Missing Values |
Missing values in your survey data can compromise the quality of your survey results. Some missing values for survey data are because of nonresponses. An observation whose response to every survey item is available is called a complete respondent, and an observation whose response to one or more survey items are missing is called an incomplete respondent. If the complete respondents are different from the incomplete respondents with regard to a survey effect or outcome, then survey estimates will be biased and will not accurately represent the survey population. There are a variety of techniques in sample design and survey operations that can reduce nonresponse. After data collection is complete, you can use imputation to replace missing values with acceptable values, and you can use sampling weight adjustments to compensate for nonresponse. You should complete this data preparation and adjustment before you analyze your data with PROC SURVEYPHREG. See, for example, Cochran (1977), Kalton and Kaspyzyk (1986), and Brick and Kalton (1996) for more details.
If an observation has a missing value or a nonpositive value for the WEIGHT variable, then PROC SURVEYPHREG excludes that observation from the analysis.
If you provide replicate weights with a REPWEIGHTS statement for BRR or jackknife variance estimation, all REPWEIGHTS variable values must be nonmissing. Similarly, if you provide jackknife coefficients with the JKCOEFS= option in the REPWEIGHTS statement, all values of the JKCoefficient variable must be nonmissing. The procedure does not perform the analysis when any replicate weight or jackknife coefficient value is missing.
An observation is excluded from the analysis if it has a missing value for any CLASS, STRATA, CLUSTER, or DOMAIN variable, unless you specify the MISSING option in the PROC SURVEYPHREG statement. If you specify the MISSING option, the procedure treats missing values as a valid (nonmissing) category for all categorical variables, which include STRATA variables, CLUSTER variables, CLASS variables, and DOMAIN variables.
By default, PROC SURVEYPHREG excludes an observation from the likelihood estimation and all associated analyses if the observation has a missing value for any of the variables in the MODEL statement, unless you specify the MISSING or NOMCAR option in the PROC SURVEYPHREG statement. When the procedure excludes observations with missing values from analyses, it displays the total frequency of observations used in the "NObs" table.
If you specify the MISSING option, the procedure treats missing levels as a valid (nonmissing) level for each categorical analysis variable.
If you specify the NOMCAR option for Taylor series variance estimation, the procedure includes observations with missing values of analysis variables in the variance computations.
When you specify the NOMCAR option, PROC SURVEYPHREG computes variance estimates by analyzing the nonmissing values for variables in the regression model as a domain or subpopulation, where the entire population includes both nonmissing and missing domains. By default, if an observation contains missing values for the dependent variable or for any variable used in the independent effects, the observation is excluded from the analysis. See the section Missing Values for more information.
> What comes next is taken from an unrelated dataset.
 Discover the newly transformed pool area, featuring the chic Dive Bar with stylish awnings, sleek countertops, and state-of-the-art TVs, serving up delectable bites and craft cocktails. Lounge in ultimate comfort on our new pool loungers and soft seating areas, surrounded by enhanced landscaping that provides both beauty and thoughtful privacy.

Note that the NOMCAR option has no effect on categorical predictors when you specify the MISSING option, which treats missing values as a valid nonmissing level. The NOMCAR option does not affect the inclusion of observations with missing values of the WEIGHT, FREQ, CLUSTER, STRATA, or DOMAIN variables. Observations with missing values of the WEIGHT and FREQ variables are always excluded from the analysis. Observations with missing values of the CLUSTER, DOMAIN, or STRATA variables are excluded unless you specify the MISSING option.
The NOMCAR option applies only to Taylor series variance estimation. The replication methods, which you request with the VARMETHOD=BRR and VARMETHOD=JACKKNIFE options, do not use the NOMCAR option.
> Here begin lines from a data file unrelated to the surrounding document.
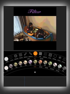 - Up to 80 filter effects (sketch, comics, fisheye, magnifiers, glass, background blur, rotation blur, vortex, various color filter and so on
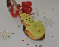 Disposer au centre de votre biscuit une demi-cuillère à moka de crème au beurre. Déposer par dessus votre décoration en pâte d'amande en appuyant doucement pour étaler la crème.
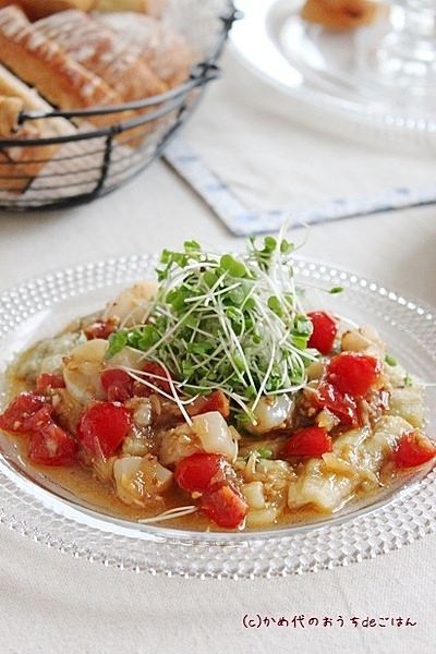 ■焼きなすのカルパッチョ風 ほたてとミニトマトのソース

PROC SURVEYPHREG computes degrees of freedom to compute confidence limits and F statistics. The degrees of freedom computation depends on the variance estimation method that you request. See the section Degrees of Freedom for details. Missing values can affect the degrees of freedom computation.
The degrees of freedom can depend on the number of clusters, the number of strata, and the number of observations. For Taylor series variance estimation, these numbers are based on the observations included in the analysis. These numbers do not count observations that are excluded from the analysis due to missing values. If all values in a stratum are excluded from the analysis as missing values, then that stratum is called an empty stratum. Empty strata are not counted in the total number of strata for the analysis. Similarly, empty clusters and missing observations are not included in the totals counts of clusters and observations that are used to compute the degrees of freedom for the analysis.
If you specify the MISSING option, missing values are treated as valid nonmissing levels and are included in computing degrees of freedom. If you specify the NOMCAR option for Taylor series variance estimation, observations with missing values for variables in the regression model are included in computing degrees of freedom.
For BRR or jackknife variance estimation, by default PROC SURVEYPHREG computes the degrees of freedom by using all valid observations in the input data set. A valid observation is an observation that has a positive value of the WEIGHT variable and nonmissing values of the STRATA and CLUSTER variables unless you specify the MISSING option.